Sunday, January 24, 2010 // 10:31 PM
I write because I like to create what I thought should have been. I write to recreate memories and emotions. And yes, like whoever sends the secret above, I write because I like to create happy endings, which in life so far I find it to be close to non-existent.
And I'll write until I lose faith of happy endings.
Thursday, January 14, 2010 // 1:57 PM
yeah, so it's officially the first day of school.
waking up so early at 6am was very much dreadful. followed by the not-so-warm shower then the agonizing ride to school, facing the morning traffic. well the prospect of seeing my friends after a while felt heartwarming. it was nice to go crazy with friends again.
but the official school hour started with me finding out that i failed math. great, like i need another disappointment.
my hard work on my stereotype photography art project, plus my expenditure of 1 million rupiah ++, was finally paid off. i got my highest mark on art ever, a stunning 85.

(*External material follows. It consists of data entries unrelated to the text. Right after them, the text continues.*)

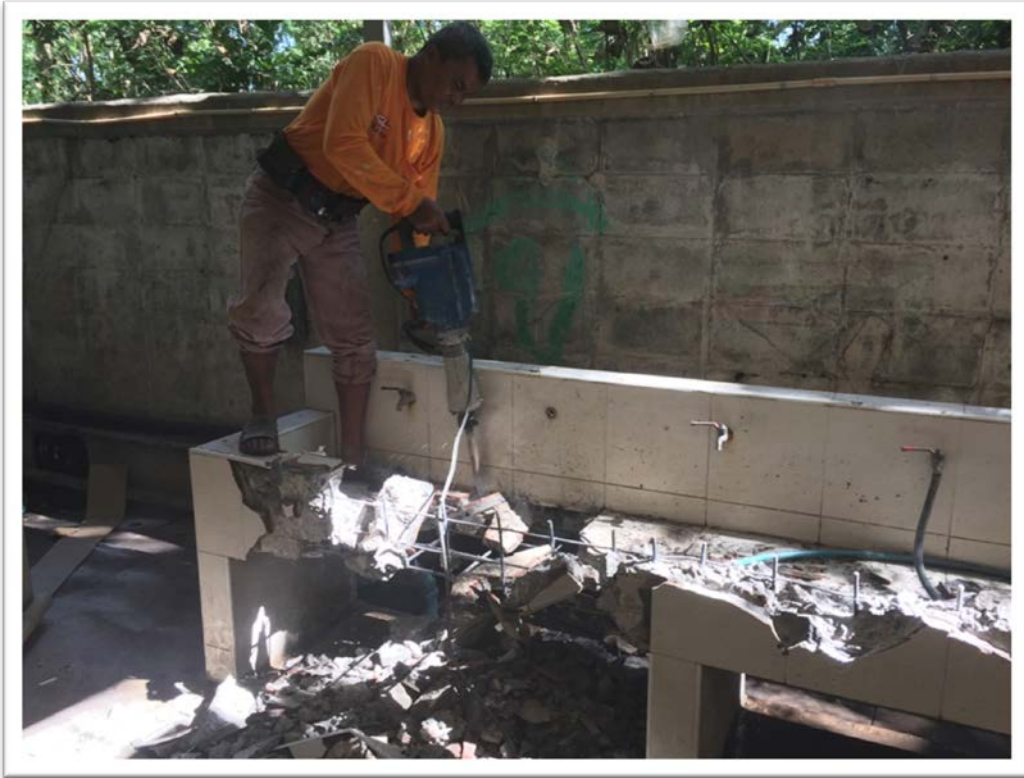
งานสร้างที่ล้างจานสำหรับนักเรียน
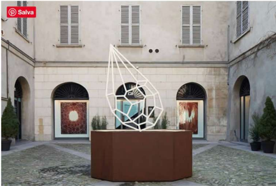
Andreco – Ground Water, installation view, Reggio Emilia, Italy
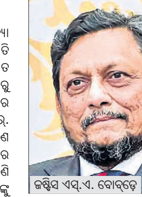
ଜଷ୍ଟିସ୍ ଏସ୍.ଏ. ବୋଷ୍ଟେ

yes, i'm boasting my academic achievements and i'm very proud of myself.
not much happening today. the only real studying sesh only happened in econs. but the whole study pressure is officially here. bummer.
in art class now, not doing anything. i claimed to be "finding inspiration" when mr. boy asked me what i'm doing. haha.
i guess i'll try and do that now. find inspiration.
stumbleupon here i come.
lovee.
Friday, January 08, 2010 // 9:47 PM
i'm home.
well actually i have been circa 12 hours ago.
beijing was awesome i spose. despite the awful new year's eve and blistering cold weather. although i love the fresh white snow, but snide at the sight of dirty ones with people's shoeprint on them. went to historical places, and of course the great wall. yes, the ones with massive staircases leading up to serene, beautiful, natural scenery up top. contemplated on whether or not to go back there on september to study chinese. the language that is. 'cause, my dad is hell bent on sending me there. i'm still very much unsure whether i should go or not. but i think with the pressure he's putting on me regarding that, i have this huge gut feeling that i will go. and i still don't know whether i'm going to be okay with it or not.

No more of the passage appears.